Parliamo di piante frutto di anni, decenni, a volte di un secolo di ricerca. Piante che nascono da un'idea di futuro, ma anche da lavoro quotidiano, dedizione, salari e speranze. Dietro quei filari non ci sono solo scienziati, ma famiglie, giovani ricercatori, tecnici, agricoltori.


Negli anni scorsi, campi sperimentali di vite e riso TEA sono stati fisicamente distrutti, nonostante fossero legalmente autorizzati e accessibili. I campi di pomodoro, invece, non sono ancora stati toccati, ma la tensione è palpabile: sono già comparse minacce e imbrattamenti nei siti di prova, come se la protesta stesse solo aspettando il momento giusto per trasformarsi in sabotaggio.


Distruggere questi campi non è una forma di protesta: è una rinuncia deliberata al confronto.Perché se anche si potessero tagliare mille piante con un tronchesino, non si taglia così facilmente la voglia di capire, migliorare, innovare.Per fermare davvero la ricerca – e per fortuna non è così semplice – servono argomenti, dati, domande scomode e risposte complesse. Non lame (ma neanche fucili o altre armi, sia chiaro!).

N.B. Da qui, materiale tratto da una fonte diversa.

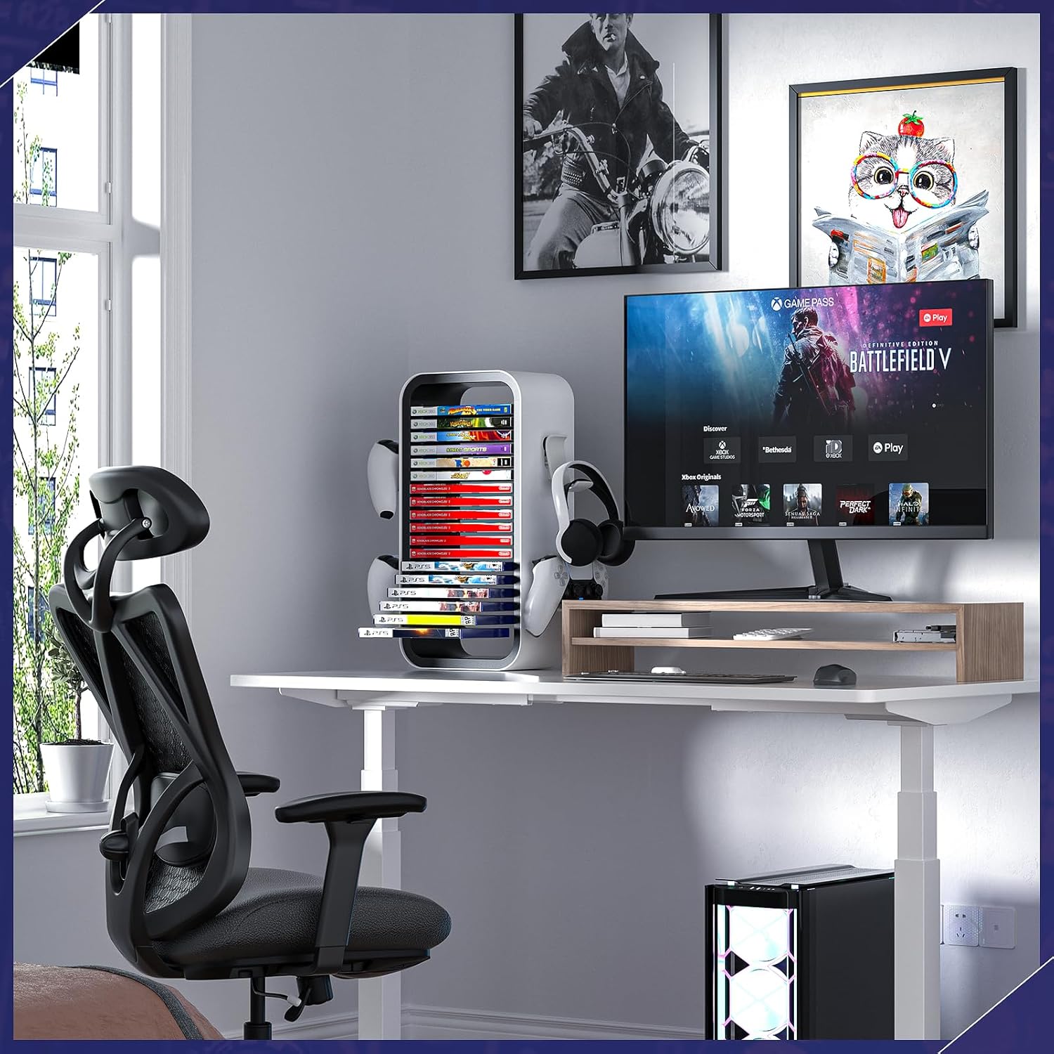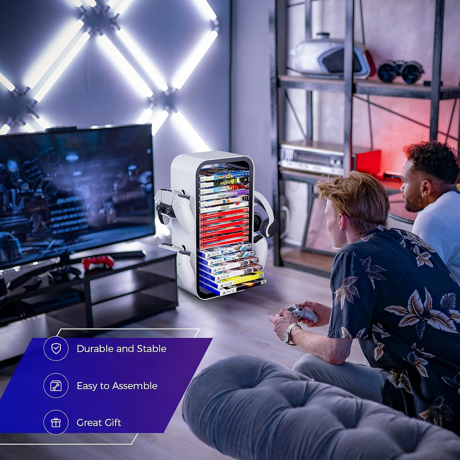 【Excellent Compatibility】Compatible with Switch, PS4, PS5, Xbox One, and Xbox Series X / S games. Extra 4 holders available for controllers or headphones on both sides. The game storage tower is a must-have for video gamers, perfect as a holiday gift or birthday gift for your gaming fan friend.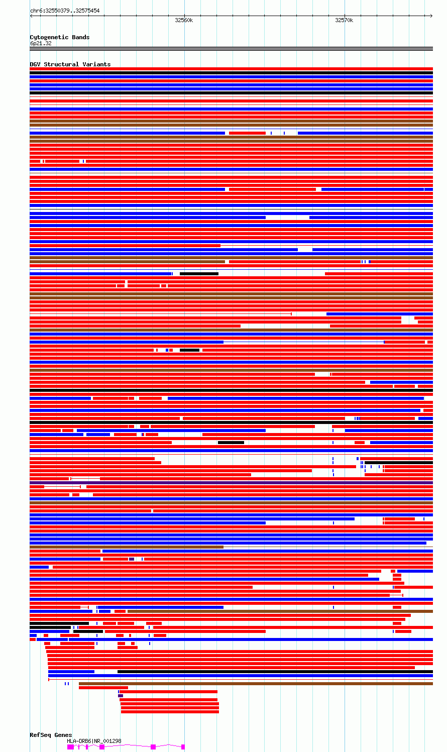 Variant DetailsVariant: essv6960862| Internal ID | 9990200 | | Landmark | | | Location Information | | | Cytoband | 6p21.32 | | Allele length | | Assembly | Allele length | | hg38 | 25076 | | hg19 | 25076 |

Il paradosso è evidente: si dice di voler salvare l’agricoltura, e si attacca proprio chi lavora per renderla più sostenibile, resiliente e adatta al cambiamento climatico. Le tecniche di evoluzione assistita sono frutto del tentativo umano, fallibile ma onesto, di usare la conoscenza per accelerare ciò che accade comunque da milioni di anni spontaneamente: l'evoluzione. Solo, con un po’ di criterio. E magari con meno acqua, meno pesticidi e qualche speranza in più per chi deve produrre cibo in un pianeta che cambia.


E diciamolo: se guardiamo al DNA, la storia della vita è una continua orgia genetica: i geni si mischiano, si scambiano, si duplicano e si perdono. La natura è un laboratorio anarchico e pieno di mutazioni, e definirsi "contro gli OGM" oggi è, senza mezzi termini, essere contro la vita stessa.


Costruire dialogo richiede più fatica che calpestare una risaia. Ma è anche l’unica strada.


Lo disse anche qualcuno che di dialogo se ne intendeva: “Costruite ponti, non barriere.”

Un consiglio che vale per tutti, in ogni direzione.


Se questo post ti ha offeso, puoi distruggerlo con una zappa digitale, possibilmente certificata biodinamico.

Se invece ti ha fatto riflettere... beh, porta la discussione dove serve: nel merito, nei dati, nei campi ed evita i cortei con tronchesino.